Menurut Maryunani dkk, (2009) adapun tanda dan gejala yang terdapat pada bayi dengan bayi berat lahir rendah (BBLR ) adalah : a. Berat badan < 2500 gram b. Letak kuping menurun c. Pembesaran dari satu atau dua ginjal d. Ukuran kepala kecil e. Masalah dalam pemberian makan (refleks menelan dan menghisap kurang) f. Suhu tidak stabil (kulit tipis dan transparan)

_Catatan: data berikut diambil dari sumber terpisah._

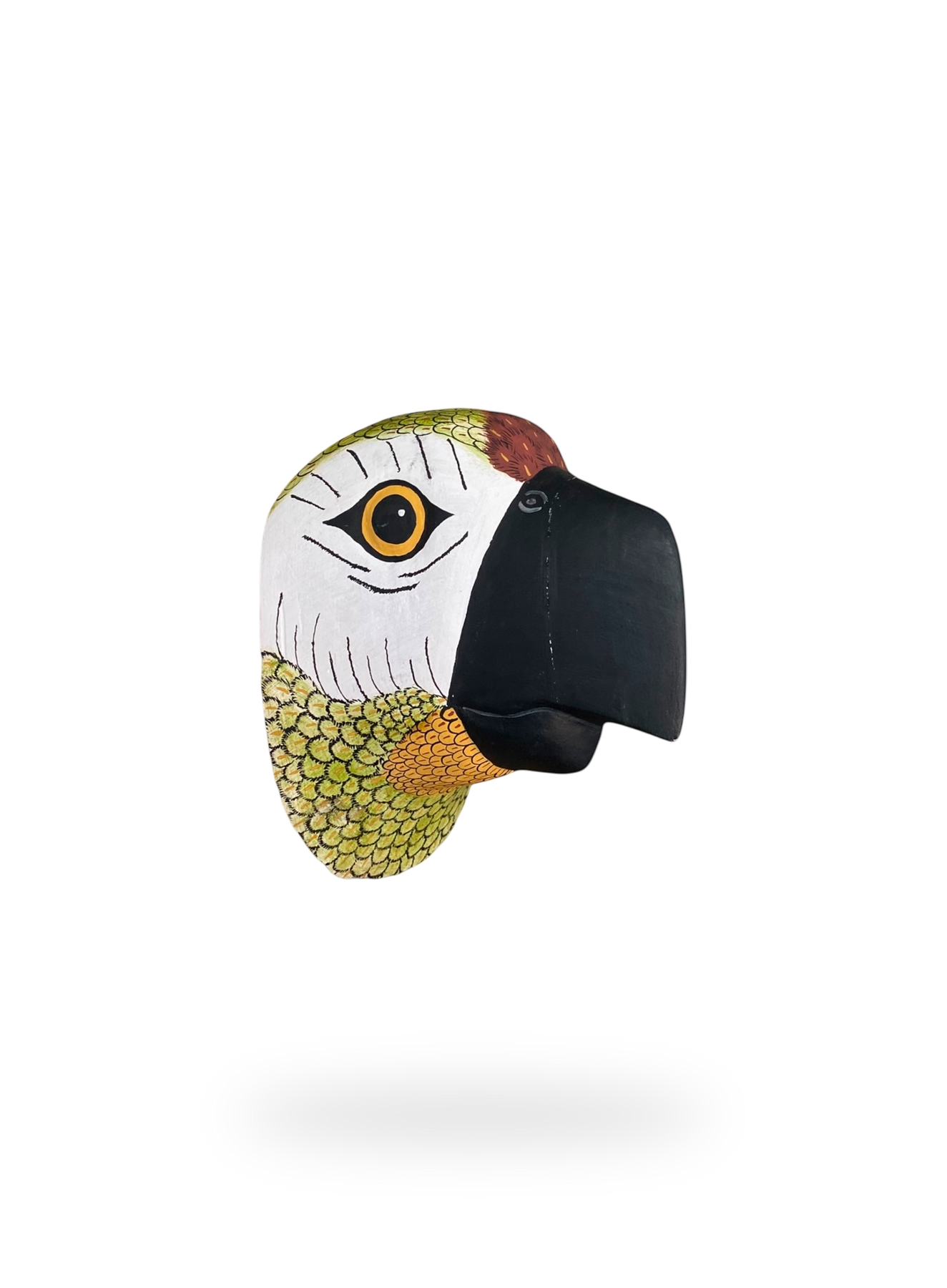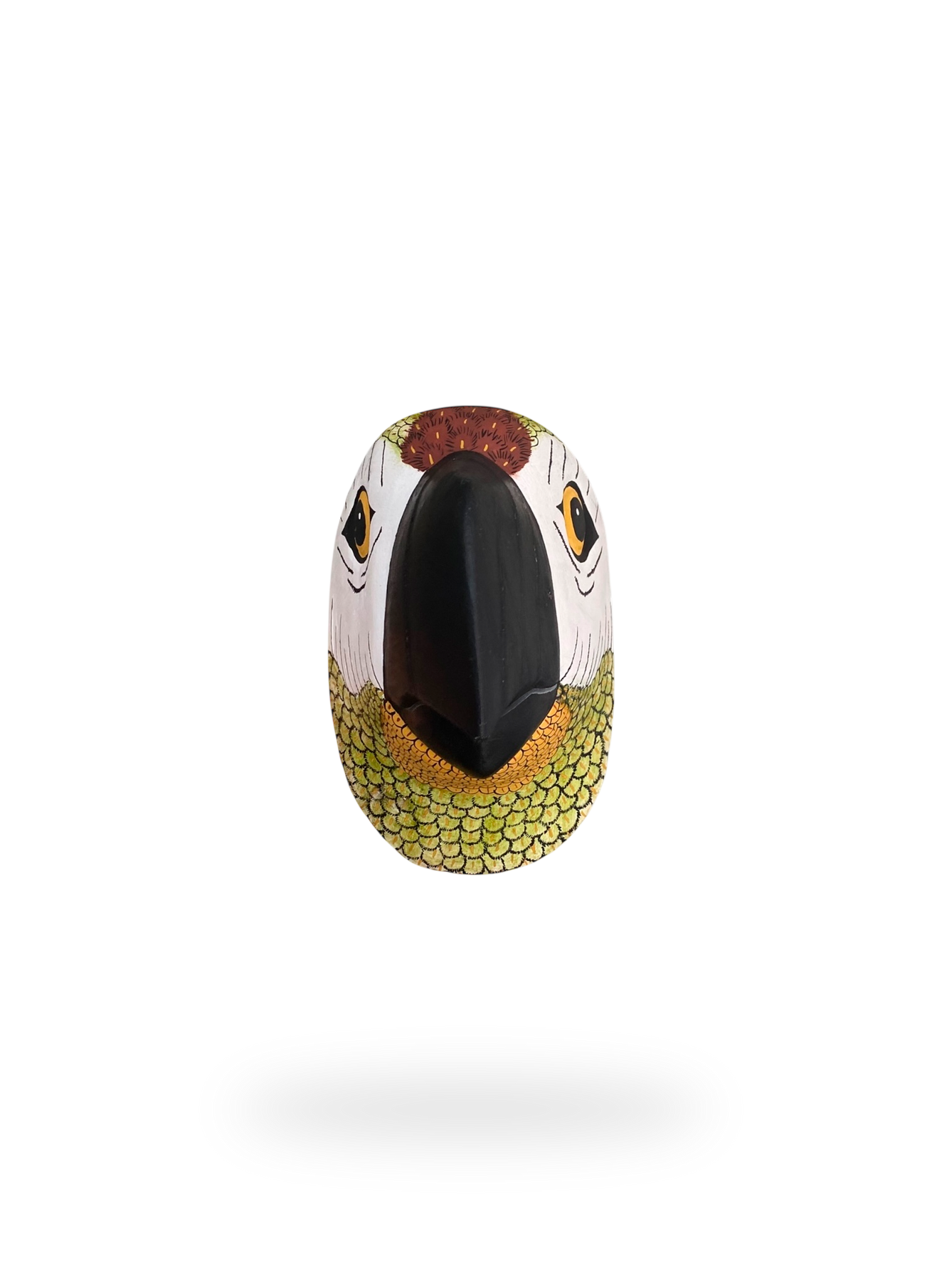This decorative mask is hand-carved and hand-painted using traditional techniques by skilled artisans from the Chané indigenous group in Salta, Argentina. These masks have a sacred and personal connection to each artisan and their culture. This is a unique, one-of-one piece signed by the artist.

2.1.4 Masalah pada BBLR Menurut Maryunani dkk (2009) masalah yang terjadi pada bayi dengan berat lahir rendah (BBLR) terutama pada prematur terjadi karena ketidakmatangan sistem organ pada bayi tersebut. Masalah pada BBLR yang sering terjadi adalah gangguan pada sistem pernafasan, susunan saraf pusat, kardiovaskular, hematologi, gastro interstinal, ginjal, termoregulasi. 1. Sistem Pernafasan Bayi dengan BBLR umumnya mengalami kesulitan untuk bernafas segera setelah lahir oleh karena jumlah alveoli yang berfungsi masih sedikit, kekurangan surfaktan (zat di dalam paru dan yang diproduksi dalam paru serta melapisi bagian alveoli, sehingga alveoli tidak kolaps pada saat ekspirasi). Luman sistem pernafasan yang kecil, kolaps atau obstruksi jalan nafas, insufisiensi klasifikasi dari tulang thorax, lemah atau tidak adanya gag refleks dan

pembuluh darah paru yang imatur. Hal hal inilah yang menganggu usaha bayi untuk bernafas dan sering mengakibatkan gawat nafas (distress pernafasan).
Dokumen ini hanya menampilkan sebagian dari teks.